Hybrid vehicles have a brake system that is designed for recuperative braking. In recuperative braking, an electric motor of the hybrid vehicle, typically, the electric drive motor, is operated in generator mode. Following an intermediate storage, the electrical energy recovered during recuperative braking may be used for an acceleration of the vehicle. This reduces any power loss experienced by a conventional vehicle due to frequent braking during a drive. As a result, the energy consumption and the pollutant emissions of the hybrid vehicle are reduced in comparison to the conventional vehicle.
To ensure that the recuperative braking have as little effect as possible on the braking distance of the vehicle, it is necessary that the braking system of the vehicle be adapted to specific situations. For example, in the case of a full electrical energy-storage device, the braking system should generate the entire braking torque via the conventional brake, in particular, via at least one friction brake, since, in such a situation, the recuperative brake mostly does not exert any braking torque on the wheels.
Moreover, operating the electric motor in generator mode typically requires a certain minimum speed of the vehicle. Therefore, a recuperative braking system is frequently not able to exert a braking torque on the wheels of a vehicle until the vehicle traveling ahead is at a standstill. Therefore, when a vehicle stops, the conventional brake system must compensate in the low speed range for the loss of braking action of the recuperative brake by generating a higher braking torque.
On the other hand, in many situations, it is desirable to exert a lowest possible hydraulic braking force on the wheels in order to achieve a high degree of recuperation. For example, following the gearshift processes, the decoupled generator often intervenes as a recuperative brake in order to shift the braking action again toward recuperative braking. If the total braking torque is to be kept constant in the process, then the conventional friction brake portion must be reduced correspondingly.

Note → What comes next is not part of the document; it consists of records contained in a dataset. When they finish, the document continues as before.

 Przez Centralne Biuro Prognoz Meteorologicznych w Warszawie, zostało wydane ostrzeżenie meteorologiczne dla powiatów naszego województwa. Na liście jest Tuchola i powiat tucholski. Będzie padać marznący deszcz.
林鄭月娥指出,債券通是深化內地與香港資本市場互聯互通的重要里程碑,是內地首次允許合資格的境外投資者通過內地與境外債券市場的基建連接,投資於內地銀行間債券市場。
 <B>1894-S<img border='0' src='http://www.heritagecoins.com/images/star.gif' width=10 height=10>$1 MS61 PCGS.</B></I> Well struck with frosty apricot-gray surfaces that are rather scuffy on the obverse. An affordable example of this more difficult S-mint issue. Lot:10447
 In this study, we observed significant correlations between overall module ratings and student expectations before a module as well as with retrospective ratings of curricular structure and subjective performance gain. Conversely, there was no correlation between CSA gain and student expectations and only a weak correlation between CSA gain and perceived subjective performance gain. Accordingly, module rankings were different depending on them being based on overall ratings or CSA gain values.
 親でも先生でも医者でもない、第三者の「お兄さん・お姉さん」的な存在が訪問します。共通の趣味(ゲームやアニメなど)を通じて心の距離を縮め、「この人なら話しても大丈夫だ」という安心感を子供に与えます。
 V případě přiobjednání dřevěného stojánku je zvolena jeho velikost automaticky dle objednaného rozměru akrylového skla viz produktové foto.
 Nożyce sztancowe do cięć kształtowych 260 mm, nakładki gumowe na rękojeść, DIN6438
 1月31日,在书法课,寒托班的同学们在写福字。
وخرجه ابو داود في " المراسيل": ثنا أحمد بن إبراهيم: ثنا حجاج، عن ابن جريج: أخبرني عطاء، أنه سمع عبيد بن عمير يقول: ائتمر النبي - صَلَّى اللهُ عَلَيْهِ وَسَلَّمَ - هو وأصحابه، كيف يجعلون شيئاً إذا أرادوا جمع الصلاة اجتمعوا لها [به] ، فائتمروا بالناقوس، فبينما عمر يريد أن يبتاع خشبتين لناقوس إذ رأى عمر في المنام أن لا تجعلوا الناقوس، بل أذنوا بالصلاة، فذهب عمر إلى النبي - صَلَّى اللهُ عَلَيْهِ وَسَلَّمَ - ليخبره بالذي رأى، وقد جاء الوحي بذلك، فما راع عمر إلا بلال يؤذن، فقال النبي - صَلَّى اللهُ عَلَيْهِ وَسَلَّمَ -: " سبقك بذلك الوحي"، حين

Processes where the braking torque of the conventional friction brake is adapted to the active braking torque of the recuperative brake in order to maintain a desired total braking torque, are often referred to as blending processes. In many vehicles having a recuperative brake, the blending is implemented by the driver actuating the brake input element. In the process, the driver assumes the task of deceleration controller. In the case of a discontinued or added recuperative braking torque, the driver uses the pedal to adapt the conventional braking torque in such a way that an overall deceleration desired by him/her is maintained. However, this process requires a greater expenditure of effort on the part of the driver.

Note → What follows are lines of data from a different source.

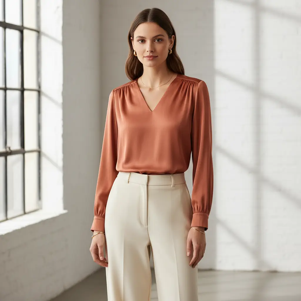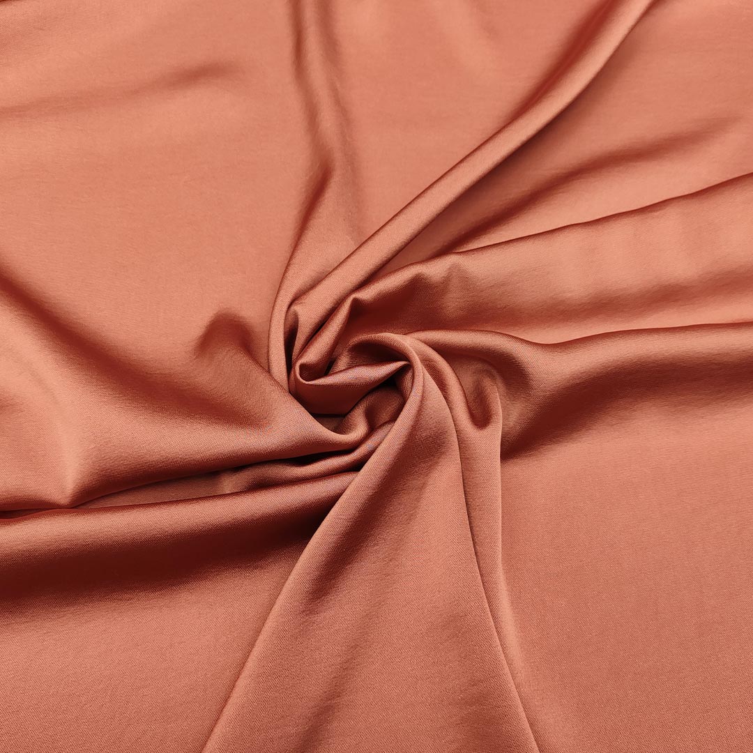 Tessuto Satin effetto stropicciato in tinta unita dalla mano morbida, leggera e fluente, leggermente elasticizzato, dall’aspetto lucido effetto seta si presta alla creazione di capi leggeri e morbidi come: camicie, abiti e bluse.
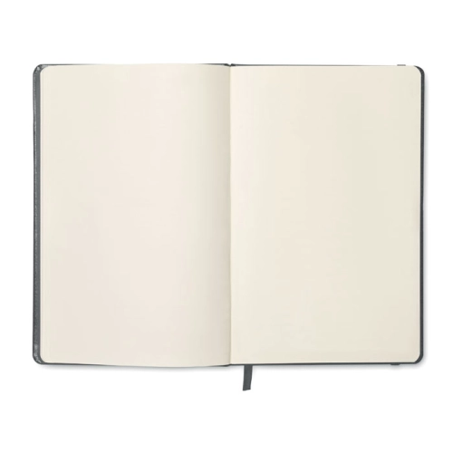 A5 notebook with hard PU cover. Casebound. 192 plain recycled paper pages (96 sheets). Matching elastic closure strap and ribbon page-marker. FSC®-certified | FSC MIX CREDIT, P7.1, FSC-C213206
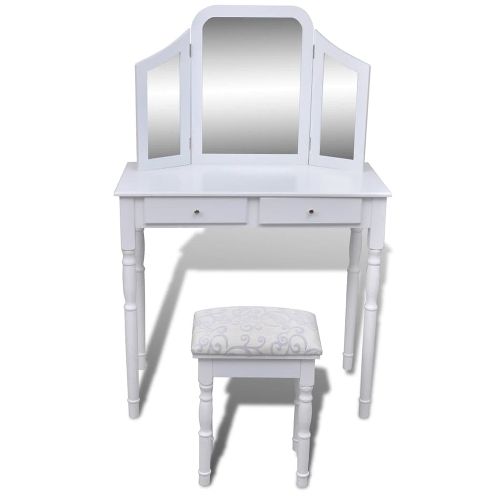 sminkebordssæt med taburet 80x69x141 cm kejsertræ hvid
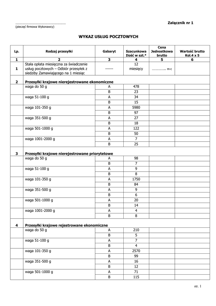 …………………………………………… Załącznik nr 1 (pieczęć firmowa Wykonawcy) WYKAZ USŁUG POCZTOWYCH Lp. 1 1 2 3 4 Rodzaj przesyłki 2 Stała opłata miesięczna za świadczenie usług pocztowych – Odbiór przesyłek z siedziby Zamawiającego na 1 miesiąc Gabaryt Szacunkowa Ilość w szt.* 3 4 12 miesięcy ------ Przesyłki krajowe nierejestrowane ekonomiczne waga do 50 g A B waga 51-100 g A B waga 101-350 g A B waga 351-500 g A B waga 501-1000 g A B waga 1001-2000 g A B 478 23 34 15 5980 97 27 18 122 50 7 25 Przesyłki krajowe nierejestrowane priorytetowe waga do 50 g A B waga 51-100 g A B waga 101-350 g A B waga 351-500 g A B waga 501-1000 g A B waga 1001-2000 g A B 98 7 9 8 1750 84 9 6 20 14 4 8 Przesyłki krajowe rejestrowane ekonomiczne waga do 50 g A B waga 51-100 g A B waga 101-350 g A B waga 351-500 g A B waga 501-1000 g A B 210 5 7 4 2570 99 16 12 71 115 Cena Jednostkowa brutto Wartość brutto Kol.4 x 5 5 6 ………….. m-c str. 1 waga 1001-2000 g 5 6 7 8 A B 29 31 Przesyłki krajowe rejestrowane priorytetowe waga do 50 g A B waga 51-100 g A B waga 101-350 g A B waga 351-500 g A B waga 501-1000 g A B waga 1001-2000 g A B 6 8 12 9 1005 110 13 7 11 32 4 8 Przesyłki krajowe rejestrowane ekonomiczne ZPO waga do 50 g A B waga 51-100 g A B waga 101-350 g A B waga 351-500 g A B waga 501-1000 g A B waga 1001-2000 g A B 168 17 10 9 3384 195 140 18 6 18 3 6 Przesyłki krajowe rejestrowane priorytetowe ZPO waga do 50 g A B waga 51-100 g A B waga 101-350 g A B waga 350-500 g A B waga 501-1000 g A B waga 1001-2000 g A B 12 7 9 5 138 16 8 6 5 7 4 3 Przesyłki zagraniczne nierejestrowane ekonomiczne waga do 50 g Europa waga 51-100 g Europa waga 101-350 g Europa waga 351-500 g Europa waga 501-1000 g Europa 62 8 5 4 6 str. 2 waga 1001-2000 g 9 Przesyłki zagraniczne nierejestrowane ekonomiczne waga do 50 g Azja waga 51-100 g Azja 1 1 Ameryka Płn. waga do 50 g Ameryka Płdn. i Środkowa Ameryka Płdn. i Środkowa 4 Afryka Afryka 1 1 Australia i Oceania Australia i Oceania 1 waga do 50 g waga 51-100 g waga do 50 g waga 51-100 g 11 8 waga do 50 g Waga 51-100 g waga 51-100 g 10 Europa Ameryka Płn. 1 1 1 1 Przesyłki zagraniczne nierejestrowane priorytetowe waga do 50 g Europa waga 51-100 g Europa waga 101-350 g Europa waga 351-500 g Europa waga 501-1000g Europa 8 4 4 3 7 Przesyłki zagraniczne nierejestrowane priorytetowe waga do 50 g Azja waga 51-100 g Azja 1 1 waga do 50 g Ameryka Płn. Ameryka Płn. Ameryka Płn. 1 Ameryka Płdn. i Środkowa Ameryka Płdn. i Środkowa Ameryka Płdn. i Środkowa 1 Afryka Afryka Afryka 1 1 1 Australia i Oceania Australia i Oceania Australia i Oceania 1 Waga 51-100 g Waga 101-350 g waga do 50 g waga 51-100 g waga 101-350 g waga do 50 g waga 51-100 g waga 101-350 g waga do 50 g waga 51-100 g waga 101-350 g 1 1 1 1 1 1 str. 3 12 13 Przesyłki zagraniczne rejestrowane ekonomiczne waga do 50 g Europa waga 51-100 g Europa waga 101-350 g Europa waga 351-500 g Europa waga 501-1000 g Europa waga 1001-2000 g Europa 35 24 18 9 7 5 Przesyłki zagraniczne rejestrowane ekonomiczne waga do 50 g Azja waga 51-100 g Azja waga 101-350 g Azja waga 351-500 g Azja waga 501-1000 g Azja 1 1 1 1 1 waga do 50 g Waga 51-100 g Waga 101-350 g Waga 351-500 g Waga 501-1000 g Ameryka Płn. waga do 50 g Ameryka Płd. Środkowa Ameryka Płd. Środkowa Ameryka Płd. Środkowa Ameryka Płd. Środkowa Ameryka Płd. Środkowa waga 51-100 g waga 101-350 g waga 351-500 g waga 501-1000 g waga do 50 g waga 51-100 g waga 101-350 g waga do 50 g waga 51-100 g waga 101-350 g 14 Ameryka Płn. Ameryka Płn. Ameryka Płn. Ameryka Płn. i 1 i 1 i 1 i 1 i 1 Afryka Afryka Afryka 1 1 1 Australia i Oceania Australia i Oceania Australia i Oceania 1 Przesyłki zagraniczne rejestrowane priorytetowe waga do 50 g Europa waga 51-100 g Europa waga 101-350 g Europa waga 351-500 g Europa waga 501-1000 g Europa waga 1001-2000 g Europa waga do 50 g waga 51-100 g waga do 50 g 4 3 3 2 1 1 1 198 39 12 11 19 9 Azja Azja 1 1 Ameryka Płn. 1 str. 4 Waga 51-100 g Ameryka Płn. 1 waga do 50 g Ameryka Płdn. i Środkowa Ameryka Płdn. i Środkowa 5 Afryka Afryka 1 1 Australia i Oceania Australia i Oceania 1 waga 51-100 g waga do 50 g waga 51-100 g waga do 50 g waga 51-100 g 15 16 15 5 6 Przesyłki zagraniczne rejestrowane ekonomiczne ZPO waga do 50 g Azja 1 Ameryka Płn. Ameryka Płn. 1 Ameryka Płdn. i Środkowa Ameryka Płdn. i Środkowa 2 waga do 50 g Afryka 1 waga do 50 g Australia i Oceania 1 Waga 51-100 g waga do 50 g waga 51-100 g 18 19 1 Przesyłki zagraniczne rejestrowane ekonomiczne ZPO waga do 50 g Europa waga 51-100 g Europa waga 101-350 g Europa waga do 50 g 17 4 1 1 Przesyłki zagraniczne rejestrowane priorytetowe ZPO waga do 50 g Europa waga 51-100 g Europa 30 14 Przesyłki zagraniczne rejestrowane priorytetowe ZPO waga do 50 g Azja 1 waga do 50 g Waga 51-100 g Ameryka Płn. 1 1 waga do 50 g Ameryka Płdn. i Środkowa 1 waga do 50 g Afryka 1 waga do 50 g Australia i Oceania 1 Paczki krajowe ekonomiczne do 1 kg Paczki krajowe ekonomiczne do 2 kg Ameryka Płn. 4 12 str. 5 Paczki krajowe ekonomiczne do 5 kg Paczki krajowe ekonomiczne do 10 kg Paczki krajowe ekonomiczne do 20 kg 10 8 2 20 Paczki Paczki Paczki Paczki krajowe krajowe krajowe krajowe 5 4 4 5 21 Paczki Paczki Paczki Paczki Paczki zagraniczne zagraniczne zagraniczne zagraniczne zagraniczne 22 priorytetowe priorytetowe priorytetowe priorytetowe do do do do 1 kg 2 kg 5 kg 10 kg ekonomiczne ekonomiczne ekonomiczne ekonomiczne ekonomiczne do do do do do 1 2 3 4 5 kg kg kg kg kg Europa Europa Europa Europa Europa 3 3 2 2 1 Paczki zagraniczne ekonomiczne do 1 kg Paczki zagraniczne ekonomiczne do 2 kg Azja Azja 1 1 Paczki zagraniczne ekonomiczne do 1 kg Paczki zagraniczne ekonomiczne do 2 kg Ameryka Płn. 1 1 Paczki zagraniczne ekonomiczne do 1 kg Ameryka Płdn. i Środkowa 1 Paczki zagraniczne ekonomiczne do 1 kg Afryka 1 Paczki zagraniczne ekonomiczne do 1 kg Australia i Oceania 1 Ameryka Płn. Razem wartość brutto: …………………

Brake-by-wire brake systems, such as EHB electrohydraulic brake systems, for example, provide an option for controlling a total deceleration of a vehicle that is less work-intensive. In the case of a brake-by-wire brake system, the braking torques can be blended by decoupling the pedal, without the driver having to additionally actuate the pedal or another brake input element. Therefore, in the case of a brake-by-wire brake system, the driver hardly notices the blending processes. However, conventional brake-by-wire brake systems are expensive due to the complex electronics and mechanics/hydraulics that they require.